Driving the thrust toward robotic farming is a mixture of economics, technology, and, in no small part, politics. At the same time we, as consumers, are demanding high quality produce at reasonable prices, a cloud is growing over the nation’s agricultural production. Proposed immigration legislation getting batted around Congress could make a huge dent in the substantially illegal workforce that both “big” and “small” agriculture rely on to pick many crops.
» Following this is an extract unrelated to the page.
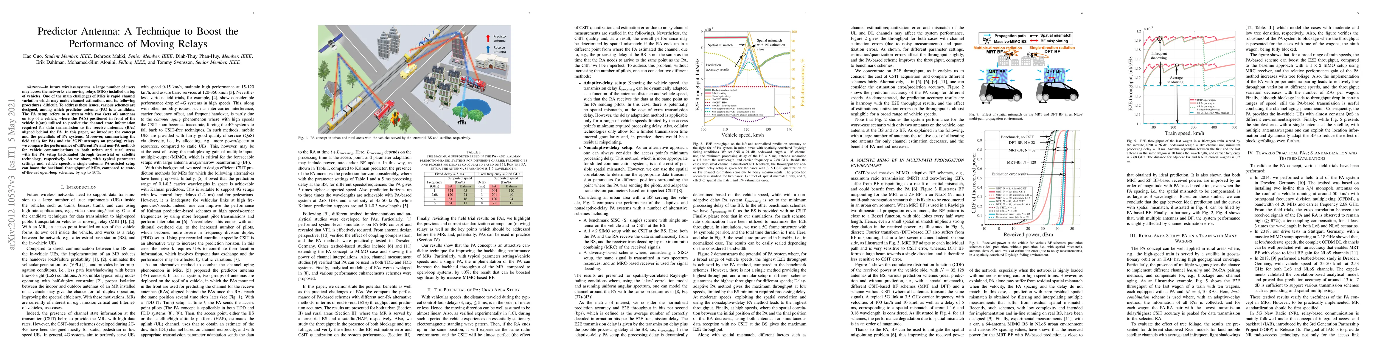 The paper introduces the concept of predictor antenna (PA) systems to enhance the performance of moving relays in future wireless networks, addressing rapid channel variations. Field trials and comparisons show that PA setups can increase backhaul throughput by up to 50% compared to non-PA methods.

Workers of the world, unite
One government estimate places the size of the illegal workforce in agriculture at just under 50% between 2007 and 2009, or roughly 1.5 million workers, according to the National Center for Farmworker Health. Labor costs make up 42% of variable costs for fruit and vegetable production in the US, according to the US Department of Agriculture’s Economic Research Service (ERS). Withdrawing this low-cost source of maintenance, picking and packing labor, much of which is paid below minimum wage, could fuel rising commodity costs for farm-grown food at a point when the US consumer is still very sensitive to food price increases.
Add to this an already shrinking immigrant pool from which to draw, eroded by Mexico’s improving economy for one, and farmers are increasingly in need of new, predictable, and price-stable forms of farm labor—all of which, a shiny new worker on wheels is promised to provide.